Сегодня суббота и барабан молчит, зато звучит музыка, и они выходят, сразу все – мужчины и женщины в синих и зеленых пижамах, – и танцуют друг с другом. Первый танец – белый, всегда – белый, так решил барабанщик, больные приглашают больных, и звучит медленная музыка, старая песня – «Nothing else matters», и все танцуют, а те, кто не умеет, стоят и смотрят на остальных. Я уже знаю некоторых, – вот этот толстяк всегда танцует один, а та черноволосая девушка никогда не танцует, но очень любит смотреть на других. Она стоит, покачиваясь в такт музыке, и улыбается, прижимая к груди рыжего медведя, ее зовут Жанна, я слышал, как однажды толстая санитарка кричала: «Жанна, домой!» У меня тоже есть любимая игрушка, серый волк, у него сзади, там, где шея, есть такое отверстие, если туда вставить палец, и пошевелить рукой, – он смешно распахивает пасть и таращит стеклянные глаза, совсем как живой. Я тоже люблю музыку, если бы я был одним из них, то мог подойти к ней и встать рядом. Ничего, что я не умею танцевать, у меня есть волк, а у нее медведь. Я скажу: «Жанна – смотри», и волк будет раскрывать пасть с мягкими тряпичными клыками. А потом я скажу: «На, бери, это – тебе». И она улыбнется и возьмет волка, пусть у нее будет медведь и еще волк. А потом я возьму ее за руку, и мы будем стоять рядом, а когда закончится песня, мы пойдем на завтрак, парами, не разнимая рук.

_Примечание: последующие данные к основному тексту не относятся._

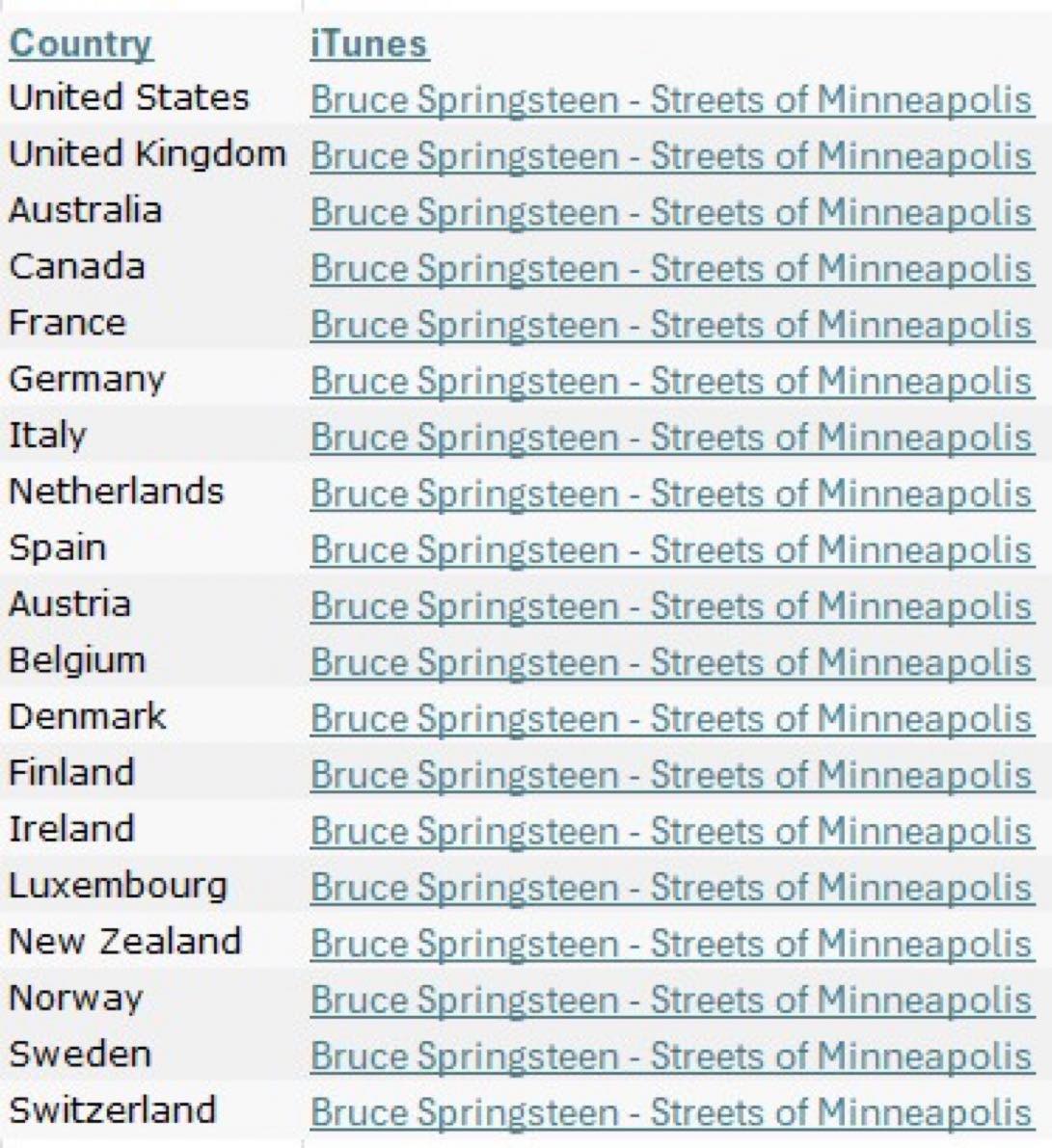 UPDATE: Bruce Springsteen’s new protest song ‘Streets of Minneapolis’ is a massive hit, reaching #1 in 19 countries.
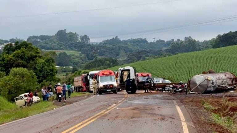O acidente ocorreu por volta das 9h30, quando o motorista perdeu o controle do veículo e saiu da pista. Parte do caminhão ficou sobre a rodovia e o tanque no acostamento.
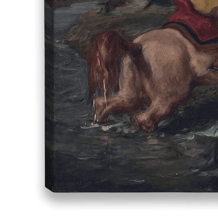 Koop dit schilderij Eugène Delacroix, Marokkaanse ruiter steekt een doorwaadbare plaats over, ca. 1850 van Atelier Liesjes als reproductie op canvas, aluminium dibond, (ingelijste) fotoprint, behang en ArtFrame, op maat geprint in Fine-Art kwaliteit.
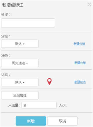 3)、在新增点标注”窗体中,填入标注名称和属性值并选择该标注所属分组、分类和状态。(新增点标注”窗体具体操作见属性编辑)
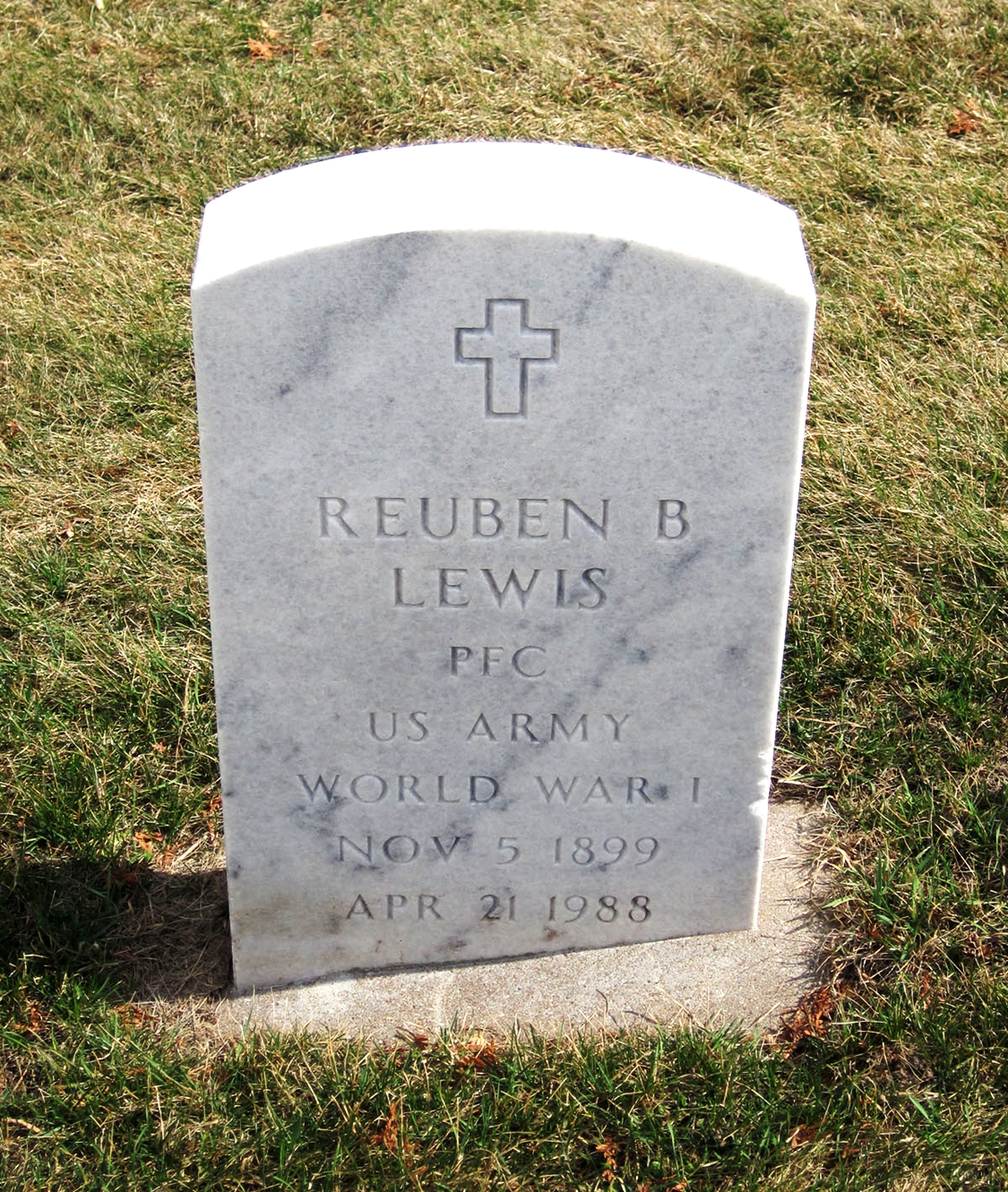 Reuben Benjamin "Bube" Lewis died April 21, 1988, at the Wisconsin Veterans Home, King, Waupaca Co., WI, at age 88. Buried in Central Wisconsin Veterans Memorial Cemetery, King, Waupaca Co., WI.
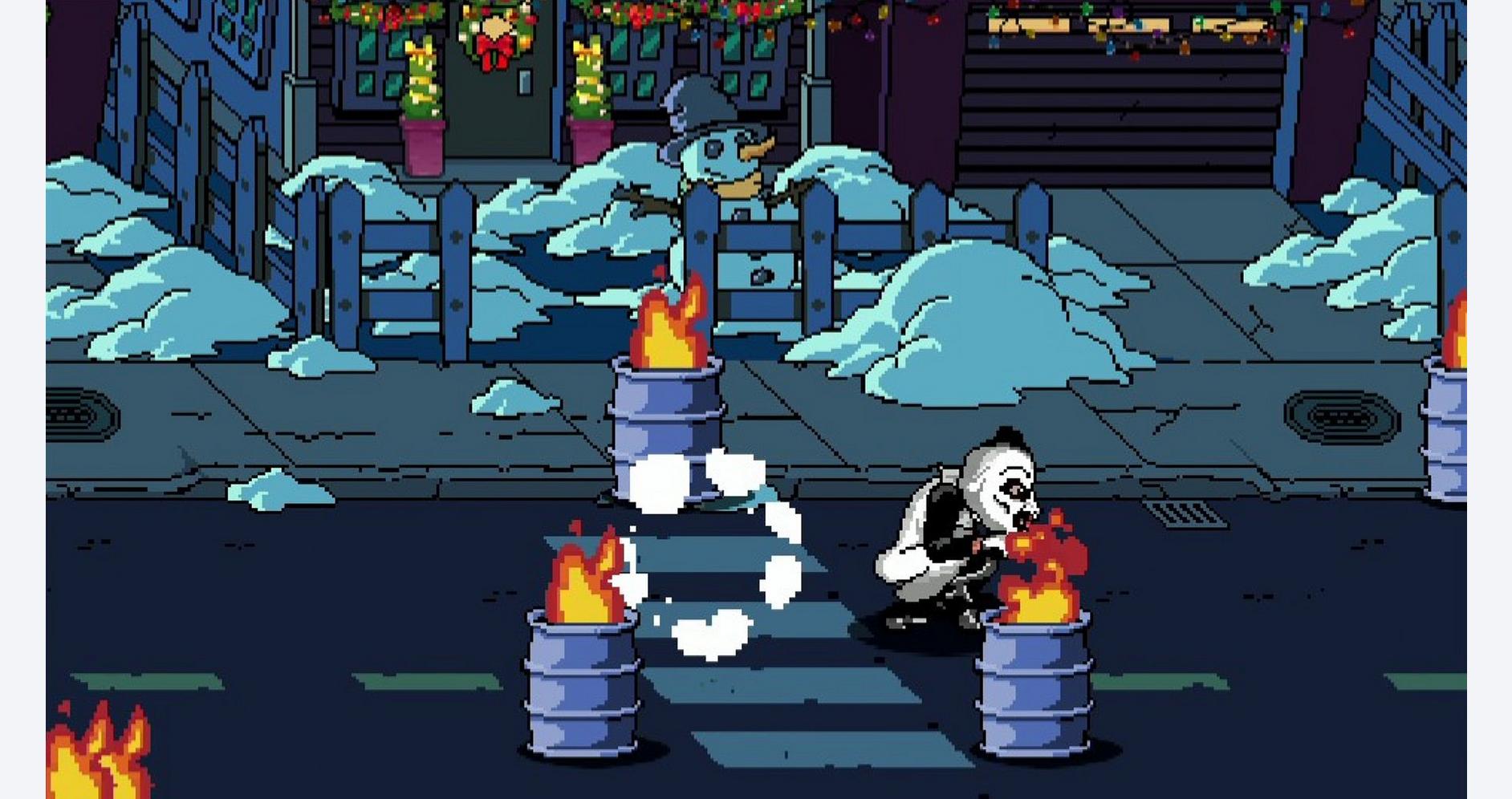 - Gorgeous Pixel Art & Animation: The game captures the essence of the Terrifier films with bright, cartoonish pixel art and fluid animations that vividly depict the gruesome action.
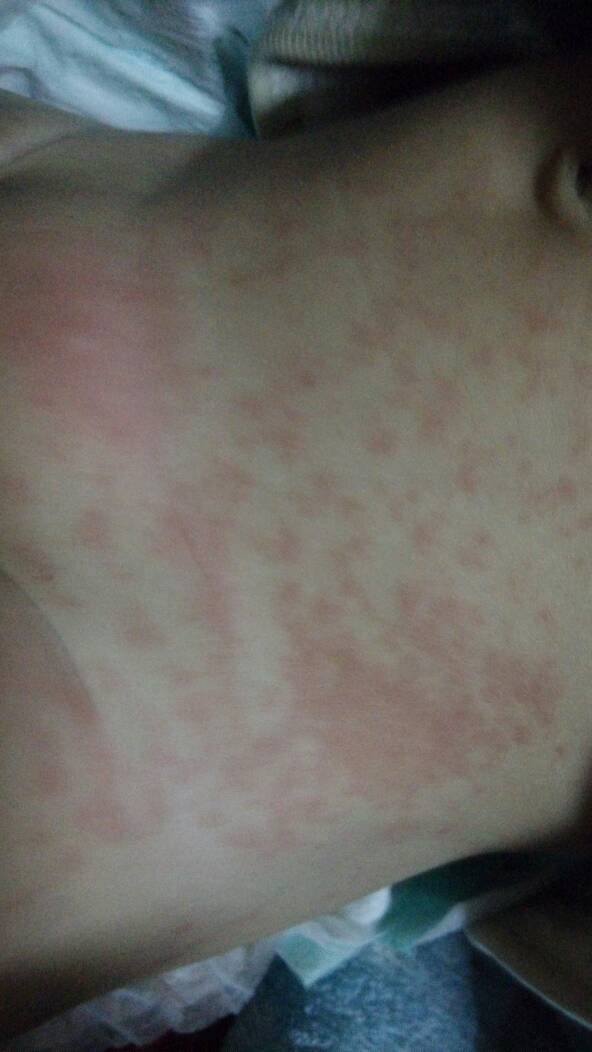 宝宝6个多月,第一天发烧伴有咳嗽,烧退后第三天身上出这种红疹,请问是婴幼儿急疹吗?
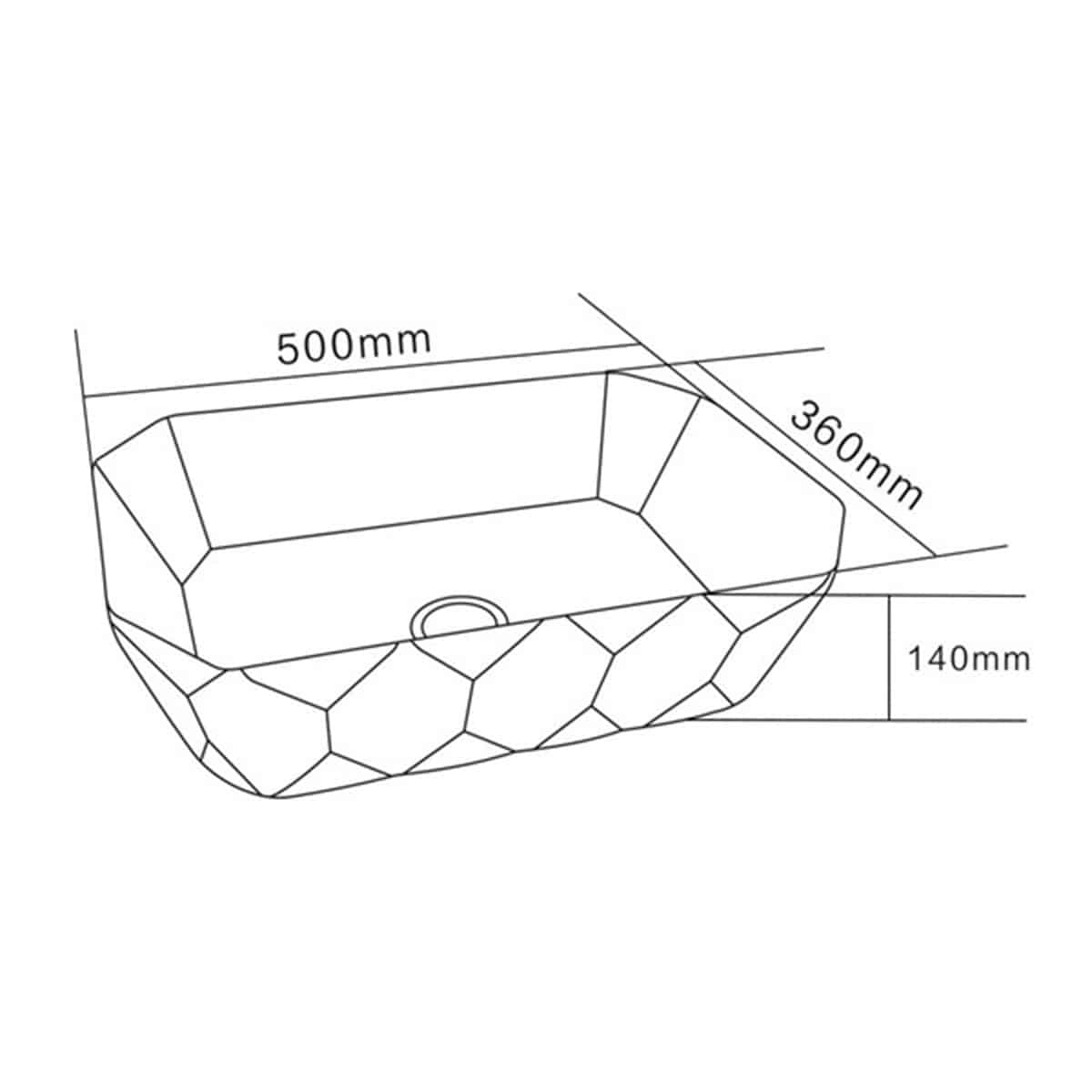 *Köşesiz bir dikdörtgen şekline sahip ince altın petek desenleri olan tezgah üstü lavabo
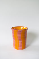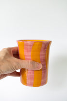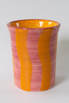 This pink and yellow striped ceramic cup is the perfect companion to start the day with your favorite beverage, whether it's fresh juice, a nutritious smoothie or your morning coffee. With a unique, fresh and summery design, it fits perfectly into the decor of your kitchen, bar, or work space. Ideal as a gift or to add a touch of distinction to your tableware collection. This handmade ceramic vase is not only functional, but also a decorative piece that will enhance any table or space where you place it. -Perfect for wedding gifts, as an original birthday gift or as a unique detail in home decor. Dishwasher and microwave safe.
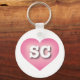 This keychain features a calm, cool, and collected pink heart with a white washed center containing the bold white upper case letters SC, the official abbreviation for South Carolina,, the palmetto state.

Глупо все это, никогда этого не будет, я чужой, хотя не так уж сильно отличаюсь от них. Если я даже решусь перелезть через забор и присоединиться к ним, бдительные санитары тут же заметят меня и выведут за территорию. У меня есть синяя пижама, почти такая же, когда я оденусь и проникну в здание, это будет только полдела: мне нужна будет койка и комплект белья, питание и лекарства. Но даже не это главное – без медицинской карты и направления со мной даже разговаривать не станут. Но, раз дело только в этом, то все решается – карта у меня на руках, а направление я напишу сам и распишусь, все равно никто ничего не поймет – у врачей самый неразборчивый почерк в мире. Перед тем, как уйти, я оглядываю себя в зеркало, а потом запираю дверь, выхожу на улицу и бегу к невысокому железному забору. До него каких-нибудь двадцать метров и я бегу по зеленой траве, усыпанной желтыми листьями.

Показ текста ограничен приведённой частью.